▶ _What the task asks_:
In your copy, leave out the pictures and repeat every record exactly.

------ Input data ------

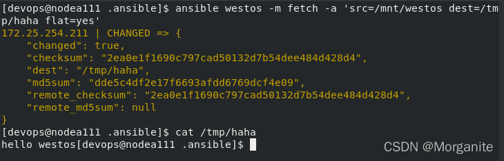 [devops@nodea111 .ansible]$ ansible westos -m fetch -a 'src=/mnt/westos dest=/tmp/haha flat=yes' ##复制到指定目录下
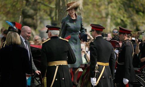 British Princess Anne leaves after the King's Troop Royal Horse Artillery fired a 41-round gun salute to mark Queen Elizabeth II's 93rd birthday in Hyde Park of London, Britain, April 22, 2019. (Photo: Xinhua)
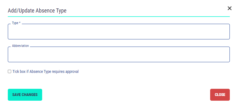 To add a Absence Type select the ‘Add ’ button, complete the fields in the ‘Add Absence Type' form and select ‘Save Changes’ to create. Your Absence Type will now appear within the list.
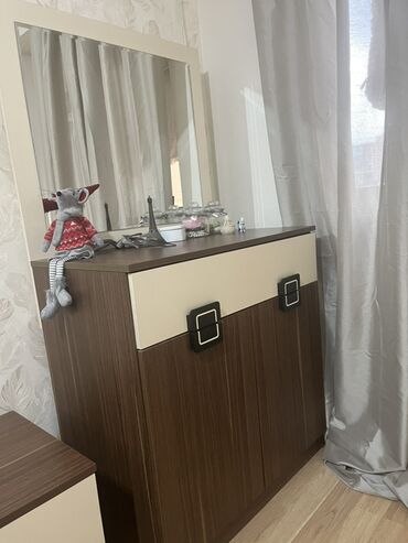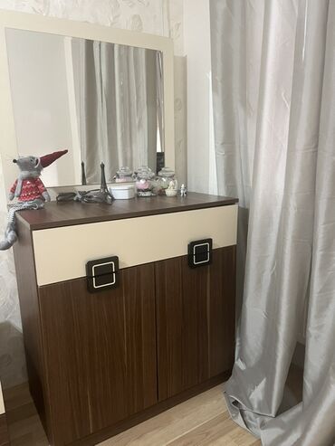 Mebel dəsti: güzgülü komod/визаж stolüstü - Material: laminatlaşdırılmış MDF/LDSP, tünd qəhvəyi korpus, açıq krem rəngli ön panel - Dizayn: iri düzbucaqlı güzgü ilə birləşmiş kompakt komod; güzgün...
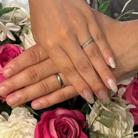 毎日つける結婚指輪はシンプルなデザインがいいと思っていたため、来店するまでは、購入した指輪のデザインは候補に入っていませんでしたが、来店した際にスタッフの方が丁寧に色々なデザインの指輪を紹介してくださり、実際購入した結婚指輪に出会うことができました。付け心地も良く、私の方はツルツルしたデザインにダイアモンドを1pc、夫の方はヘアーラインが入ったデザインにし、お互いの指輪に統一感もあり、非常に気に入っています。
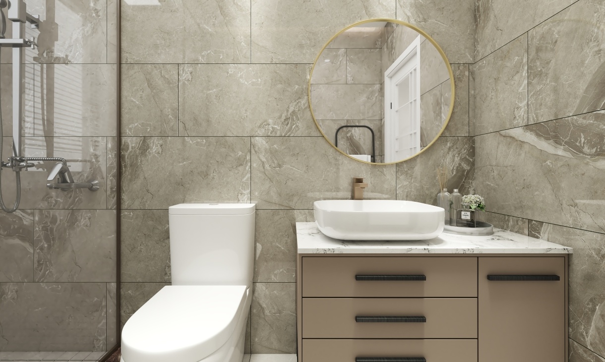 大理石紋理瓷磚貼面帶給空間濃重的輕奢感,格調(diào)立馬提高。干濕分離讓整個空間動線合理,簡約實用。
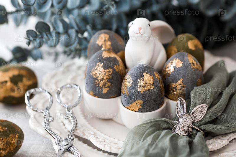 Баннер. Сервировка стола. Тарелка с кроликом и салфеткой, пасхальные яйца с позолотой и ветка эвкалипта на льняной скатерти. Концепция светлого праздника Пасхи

------

▶ _Your response_:
 [devops@nodea111 .ansible]$ ansible westos -m fetch -a 'src=/mnt/westos dest=/tmp/haha flat=yes' ##复制到指定目录下
 British Princess Anne leaves after the King's Troop Royal Horse Artillery fired a 41-round gun salute to mark Queen Elizabeth II's 93rd birthday in Hyde Park of London, Britain, April 22, 2019. (Photo: Xinhua)
 To add a Absence Type select the ‘Add ’ button, complete the fields in the ‘Add Absence Type' form and select ‘Save Changes’ to create. Your Absence Type will now appear within the list.
 Mebel dəsti: güzgülü komod/визаж stolüstü - Material: laminatlaşdırılmış MDF/LDSP, tünd qəhvəyi korpus, açıq krem rəngli ön panel - Dizayn: iri düzbucaqlı güzgü ilə birləşmiş kompakt komod; güzgün...
 毎日つける結婚指輪はシンプルなデザインがいいと思っていたため、来店するまでは、購入した指輪のデザインは候補に入っていませんでしたが、来店した際にスタッフの方が丁寧に色々なデザインの指輪を紹介してくださり、実際購入した結婚指輪に出会うことができました。付け心地も良く、私の方はツルツルしたデザインにダイアモンドを1pc、夫の方はヘアーラインが入ったデザインにし、お互いの指輪に統一感もあり、非常に気に入っています。
 大理石紋理瓷磚貼面帶給空間濃重的輕奢感,格調(diào)立馬提高。干濕分離讓整個空間動線合理,簡約實用。
 Баннер. Сервировка стола. Тарелка с кроликом и салфеткой, пасхальные яйца с позолотой и ветка эвкалипта на льняной скатерти. Концепция светлого праздника Пасхи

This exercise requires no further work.